Cell lines and media

C3H/10T1/2, H1, H7, and M2-10B4 cells were purchased from the American Type Culture Collection (VA). Normal control wild-type iPSCs were generated using Sendai virus containing human SKOM (Sox2, Klf4, Oct3/4, and c-Myc) reprogramming factors. These wild-type iPSCs include WT3 (derived from fibroblasts of a 20 year old male) (Ebert et al., 2014) and JMC1 (derived from peripheral blood mononuclear cells of a 30 year old male). TKDA3-4 iPSCs were generated via retrovirus containing SKOM factors from fibro-blasts of a 36-year-old male (Takayama et al., 2010).
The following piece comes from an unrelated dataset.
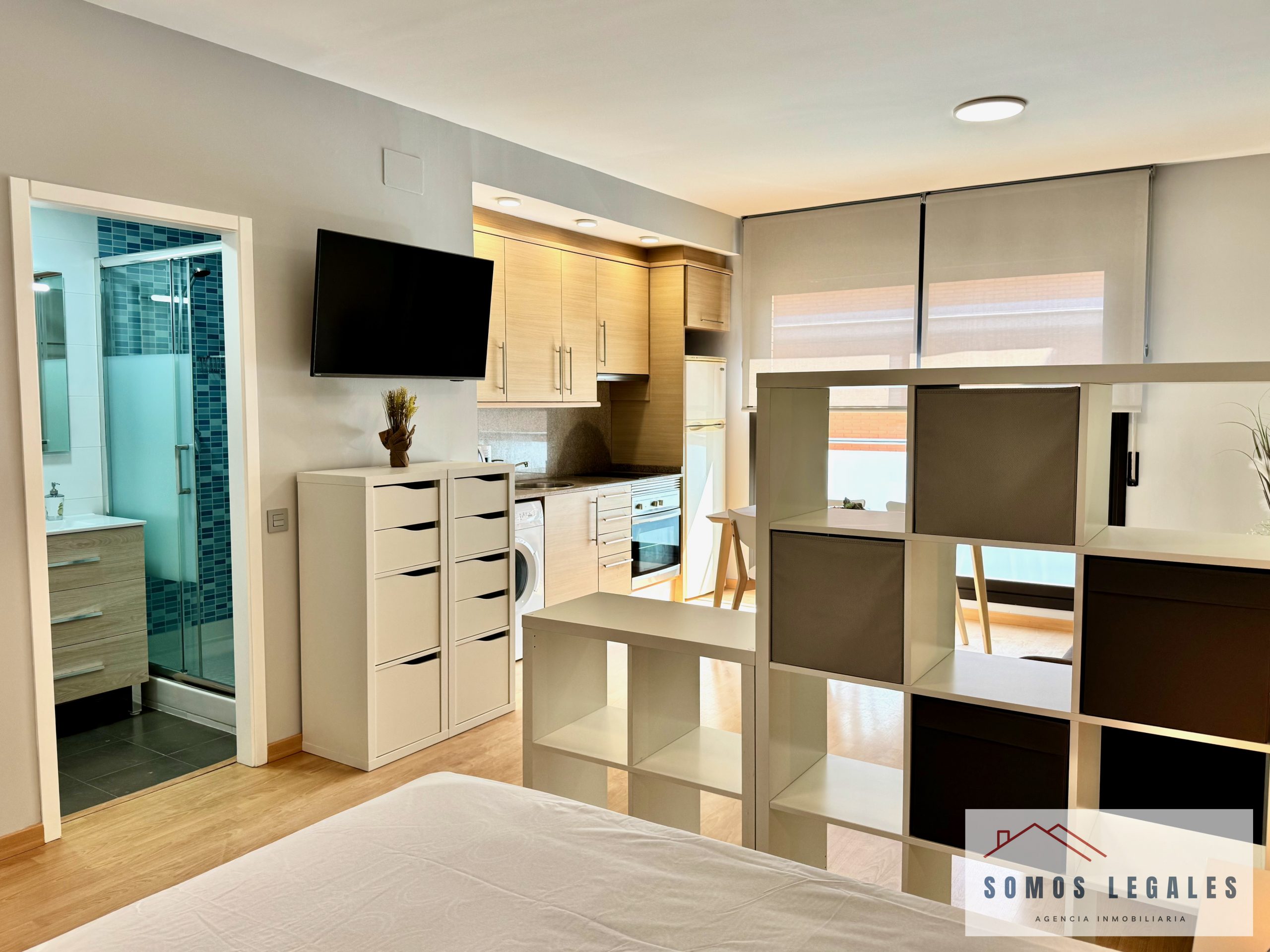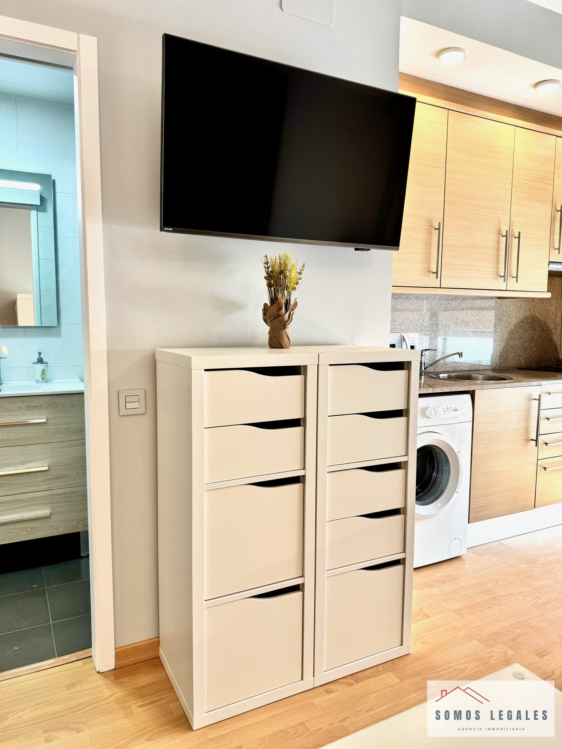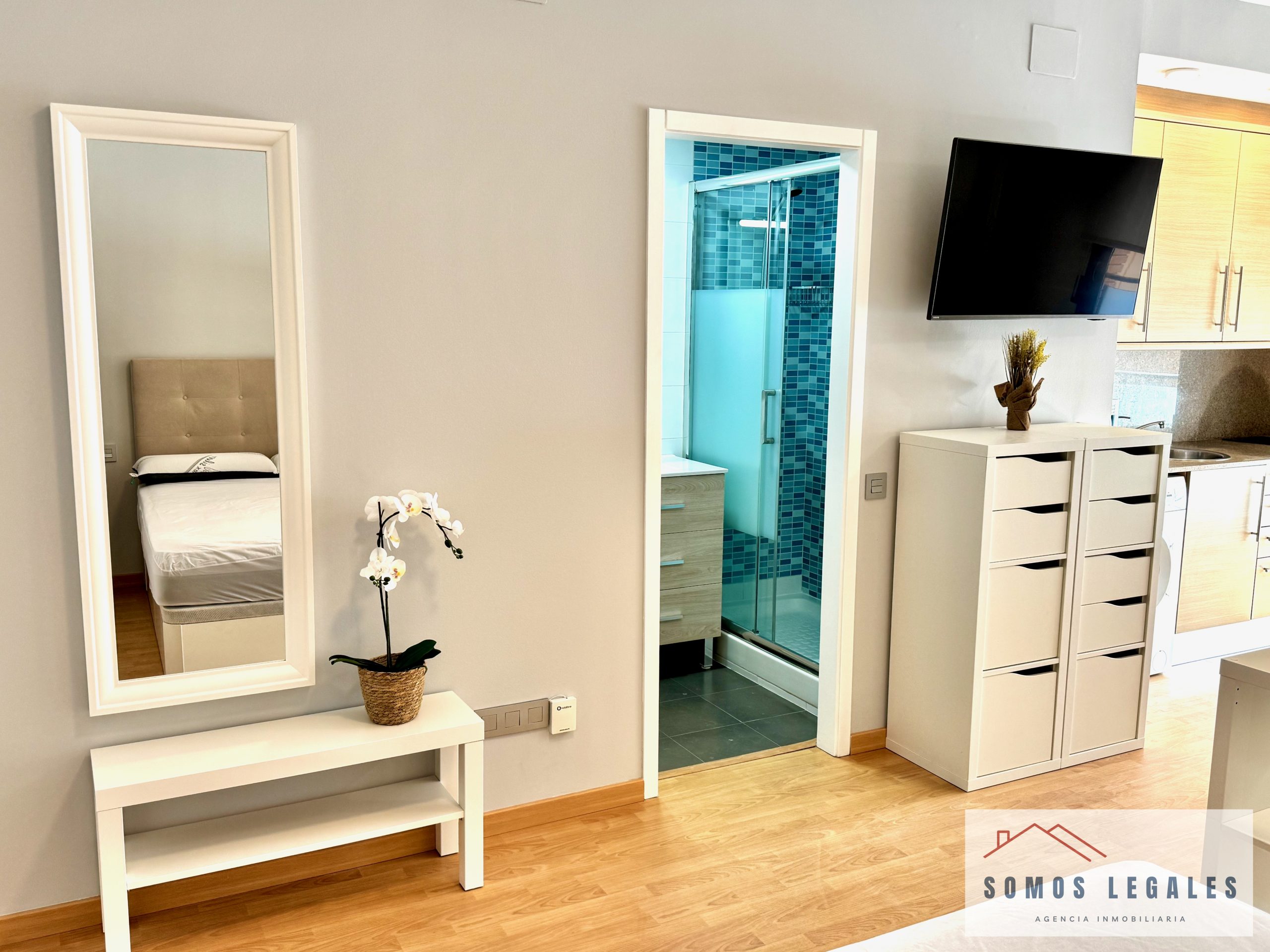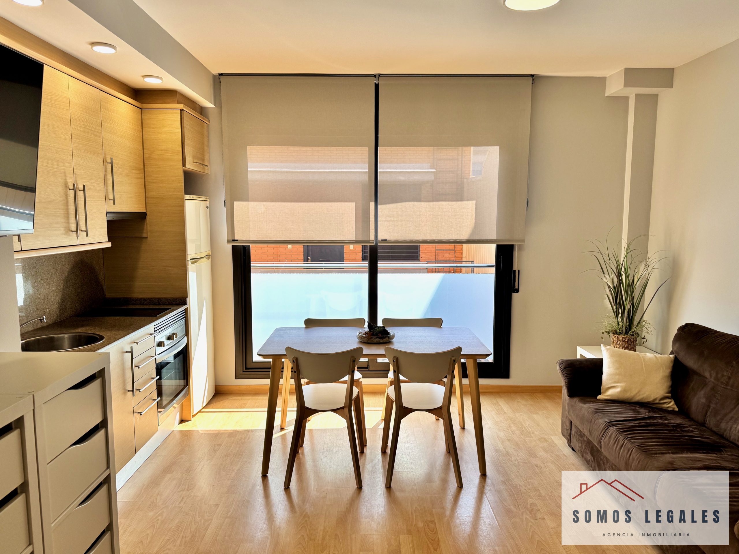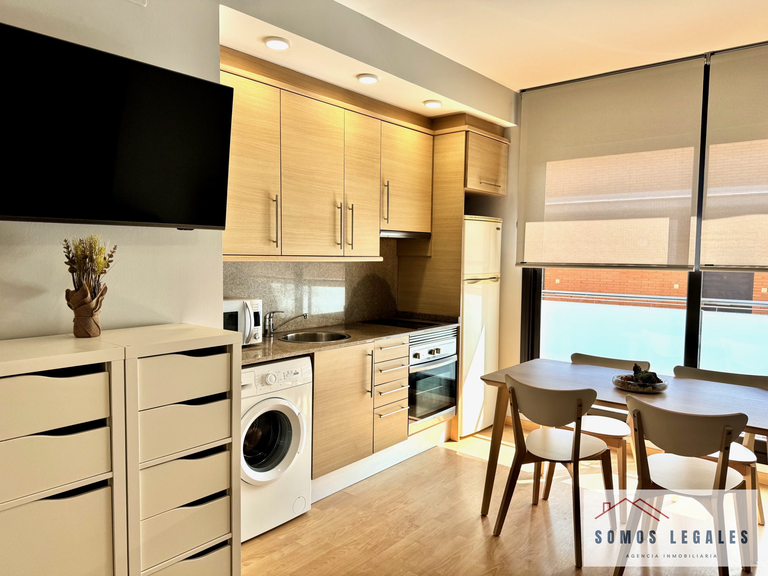 Dispone de zona salón-comedor con smart TV Philips 43″ y pequeño balcón, zona de dormitorio con amplios armarios empotrados y canapé abatible, cocina americana totalmente equipada con nevera, vitrocerámica, horno, microondas y lavadora, y baño independiente completamente reformado y equipado con plato de ducha con mampara y toallero eléctrico.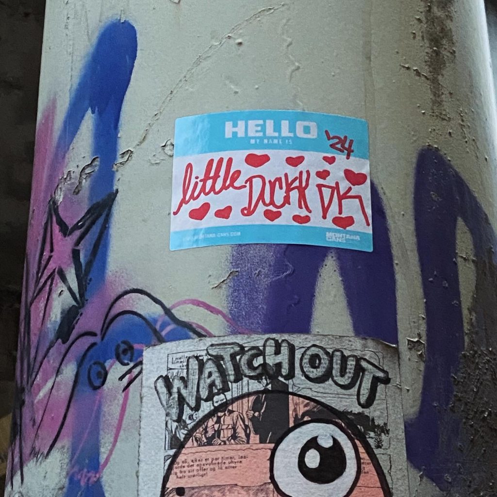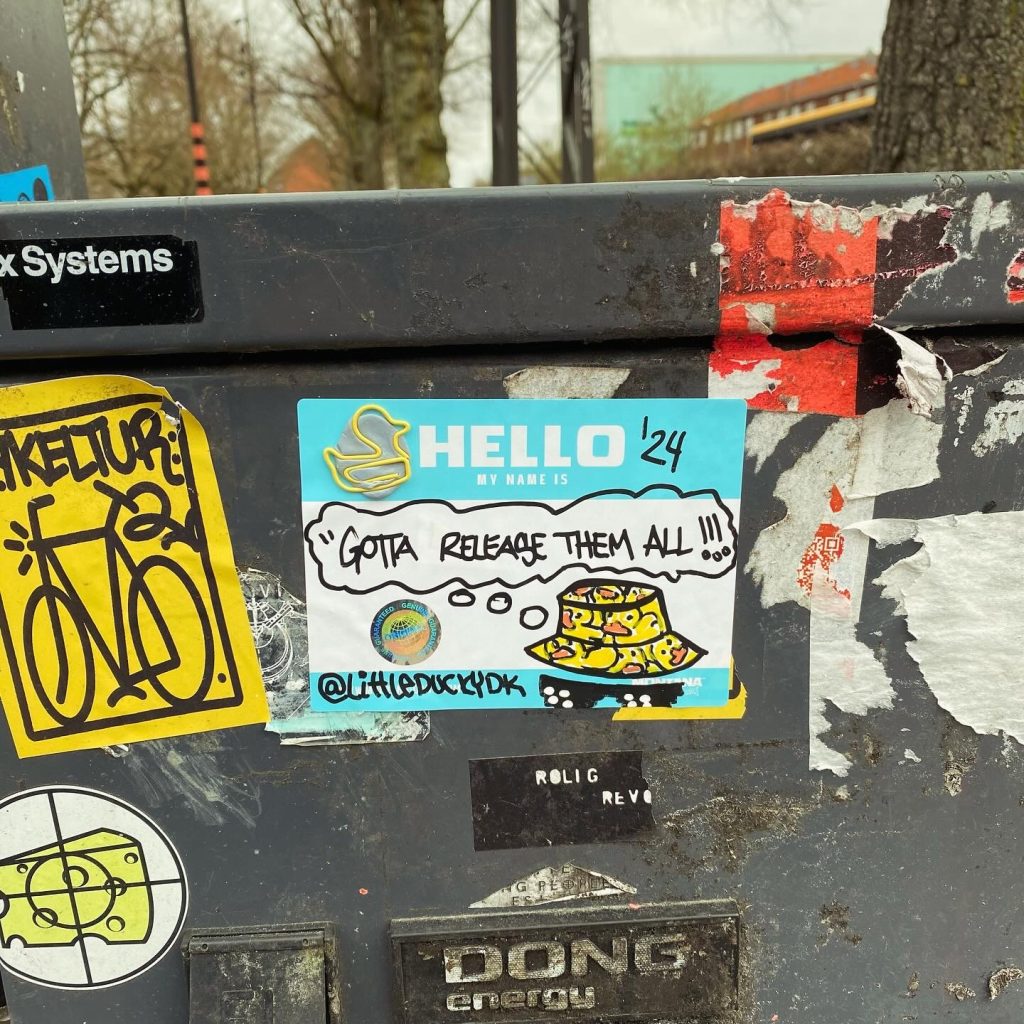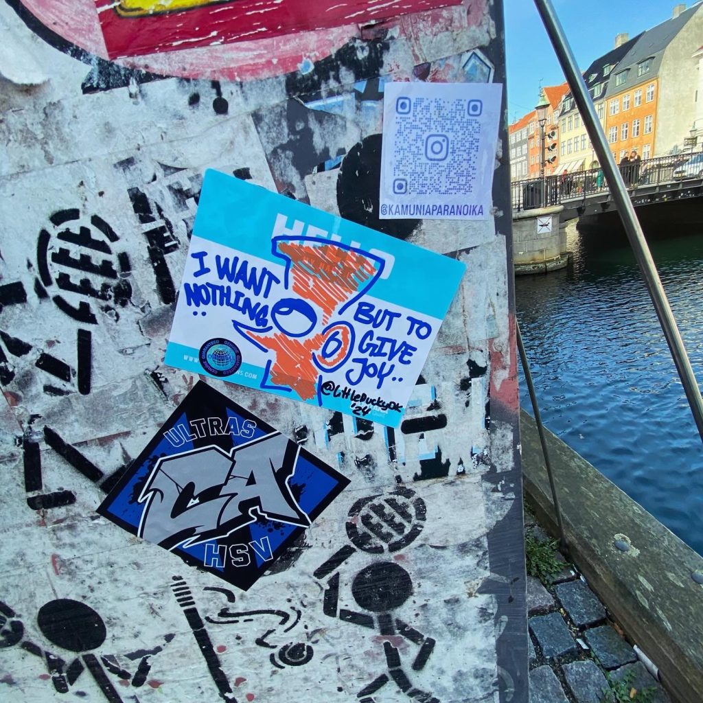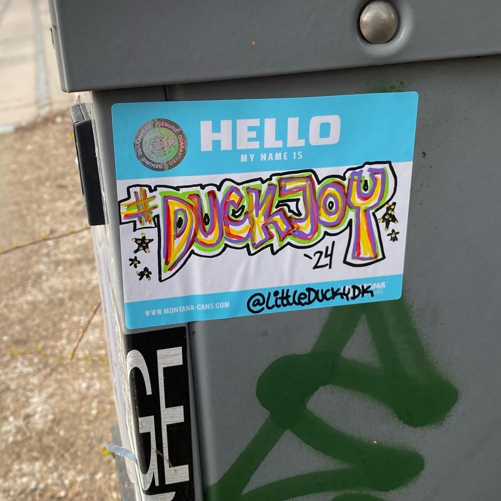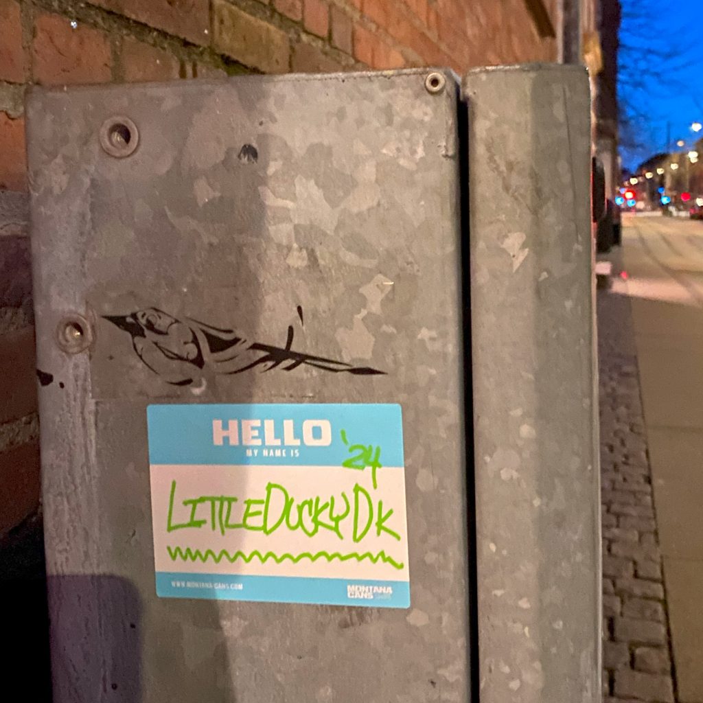 Slapping up stickers is a common practice amongst Street Artists, and is a way to get your “tag” out there, as well as letting fellow “enthusiasts” know you were here. That being said, there is even a practice of trading and collaborating on creation of stickers and their deployment in the world.

Regarding cell line authentication, all cell lines and AML-iPSCs used have been tested negative for mycoplasma by PlasmoTest (InvivoGen). M2-10B4 conditioned medium: M2-10B4 cells were cultured in Myelocult H5100 media (StemCell Technologies, Canada) for 3–5 days under full confluency. Supernatant was harvested and supplemented with 100ng/ml recombinant human FLT3 ligand, 100ng/ml stem cell factor, 20ng/ml IL-3, 20ng/ml IL-6, and 1nM StemReginin 1 for use. All cytokines were purchased from Peprotech (NJ) with the exception of StemReginin 1 (Cellagen Technology, CA). Hematopoietic differentiation medium: IMDM media (Life Technologies, CA) with 15% fetal bovine serum (FBS), 10% insulin/transferrin/selenite solution (Life Technologies), 50mg/ml ascorbic acid (Sigma-Aldrich, United Kingdom), 450 μM α-monothioglycerol (Sigma-Aldrich), and 20ug/ml recombinant human VEGF (Peprotech).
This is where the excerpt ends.